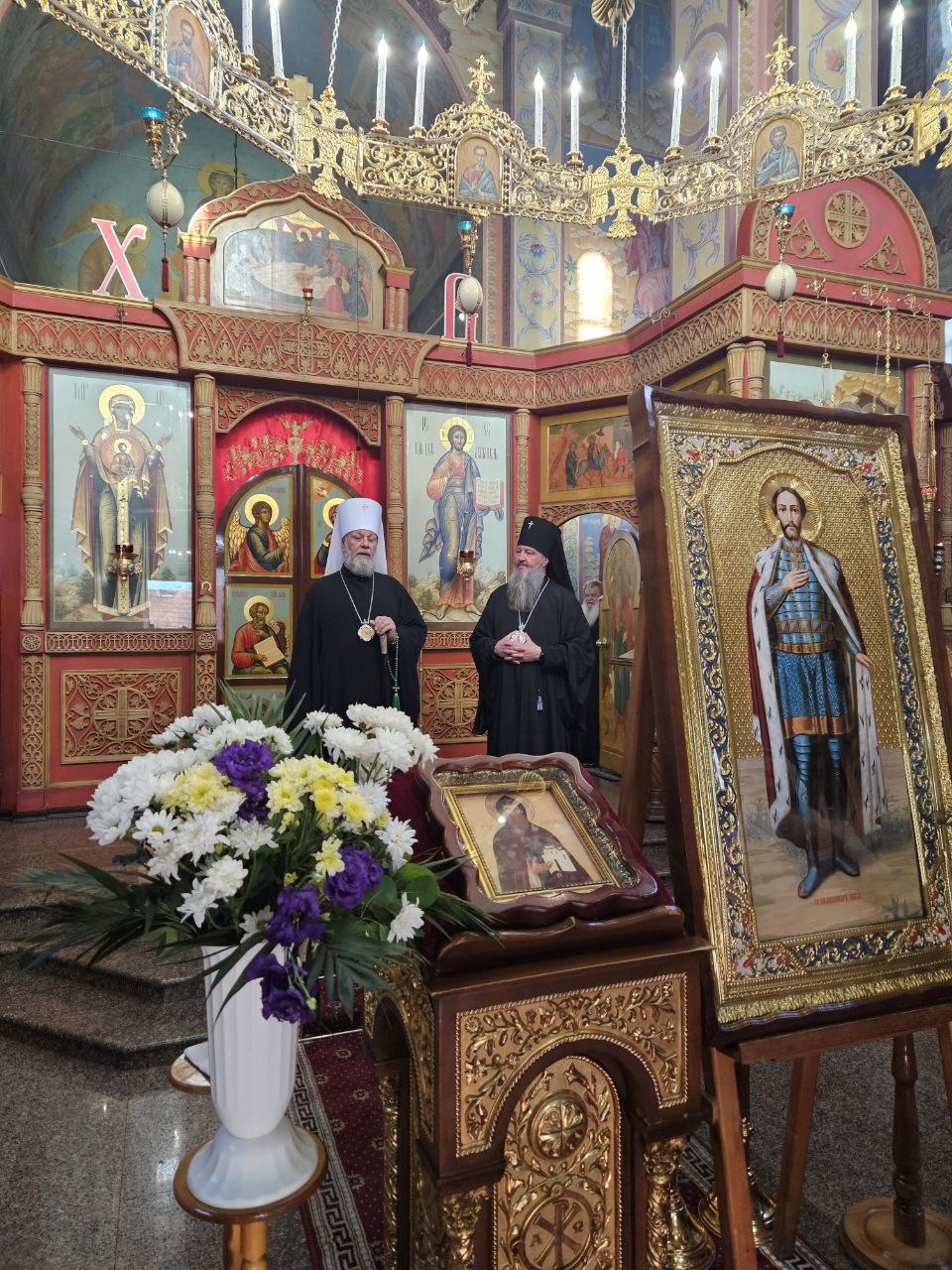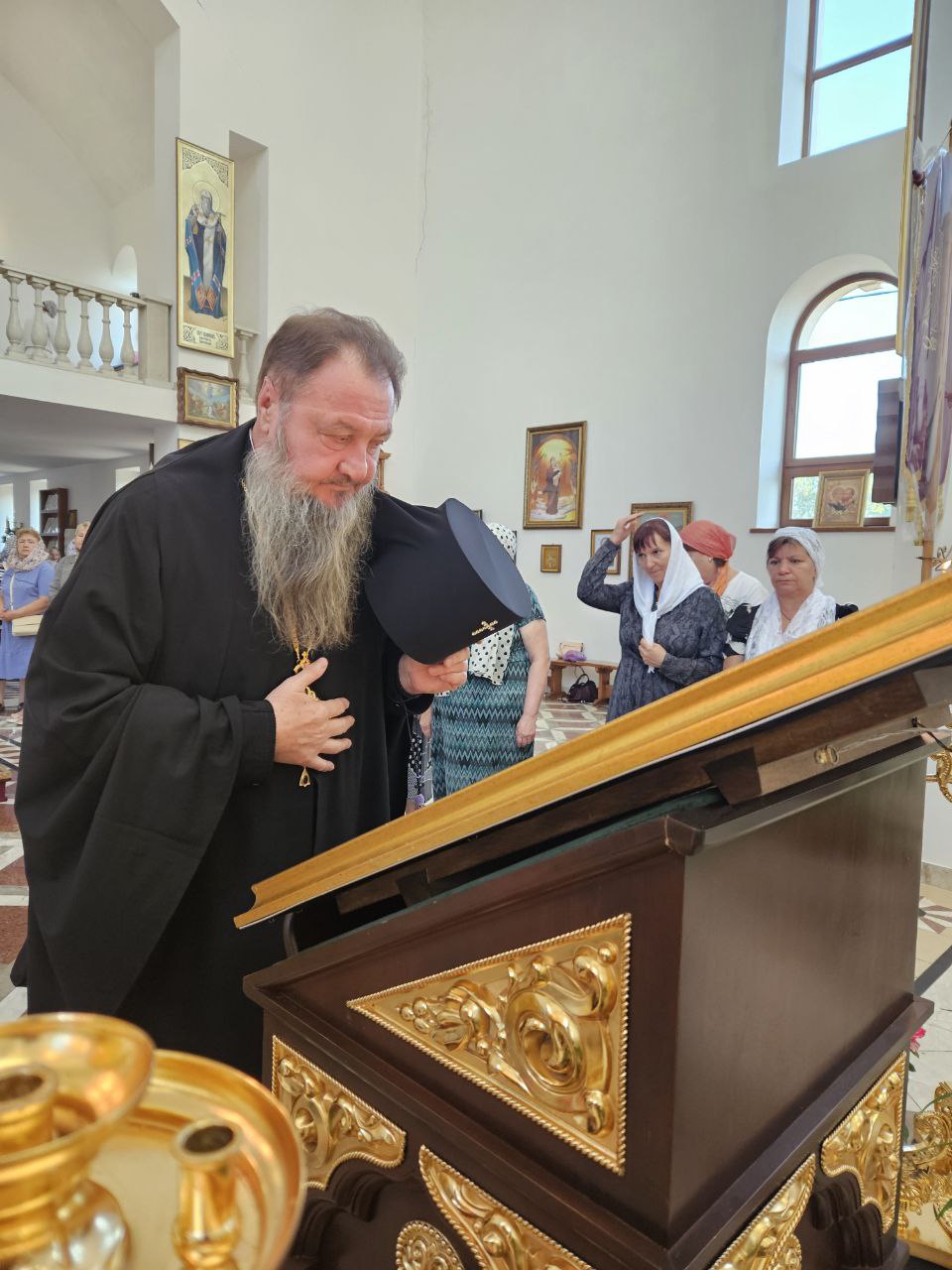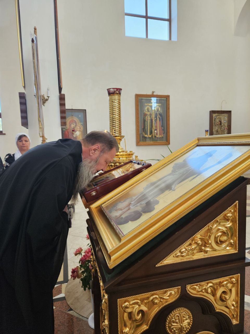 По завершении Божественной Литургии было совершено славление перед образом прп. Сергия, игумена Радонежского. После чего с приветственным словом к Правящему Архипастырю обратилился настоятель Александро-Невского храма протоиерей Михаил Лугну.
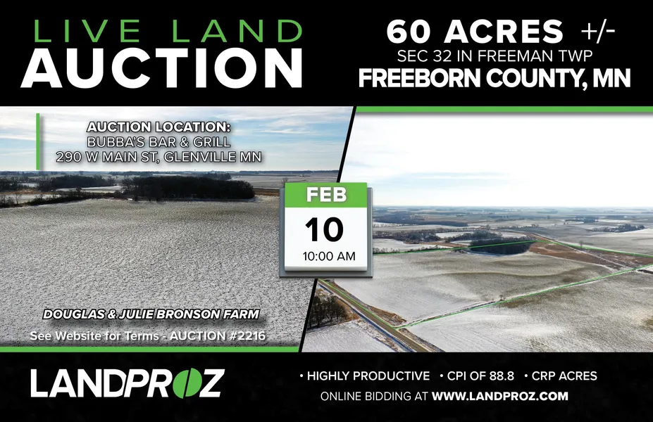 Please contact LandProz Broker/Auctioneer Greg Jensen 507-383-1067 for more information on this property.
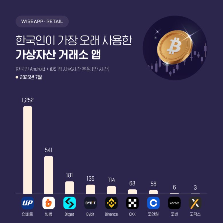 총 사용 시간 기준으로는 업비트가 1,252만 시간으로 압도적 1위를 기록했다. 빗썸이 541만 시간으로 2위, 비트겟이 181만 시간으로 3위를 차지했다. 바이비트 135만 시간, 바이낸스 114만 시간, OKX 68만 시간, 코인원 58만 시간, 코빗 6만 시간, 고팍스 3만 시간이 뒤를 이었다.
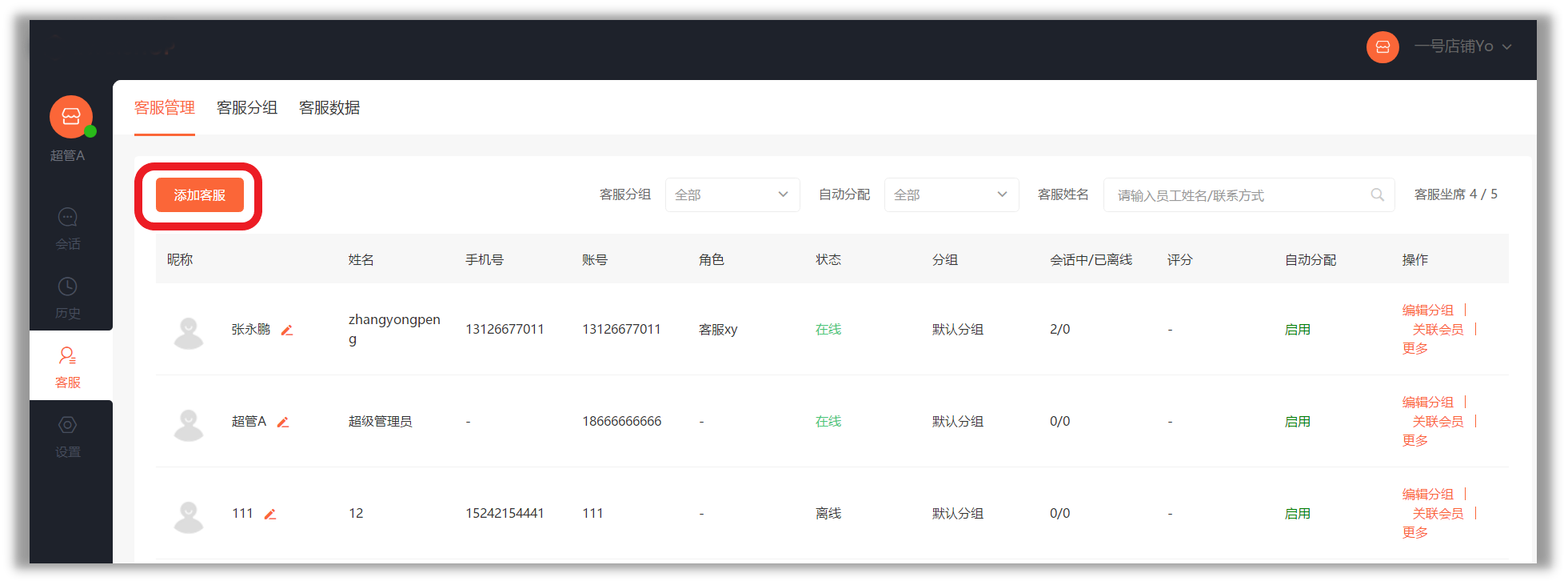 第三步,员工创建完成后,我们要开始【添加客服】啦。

_WHAT NEEDS TO BE DONE_
From the line containing "Please contact LandProz" to the end of the data above, give those lines again verbatim, with both endpoints included and no images.

_OUTPUT FOR THIS EXERCISE_
 Please contact LandProz Broker/Auctioneer Greg Jensen 507-383-1067 for more information on this property.
 총 사용 시간 기준으로는 업비트가 1,252만 시간으로 압도적 1위를 기록했다. 빗썸이 541만 시간으로 2위, 비트겟이 181만 시간으로 3위를 차지했다. 바이비트 135만 시간, 바이낸스 114만 시간, OKX 68만 시간, 코인원 58만 시간, 코빗 6만 시간, 고팍스 3만 시간이 뒤를 이었다.
 第三步,员工创建完成后,我们要开始【添加客服】啦。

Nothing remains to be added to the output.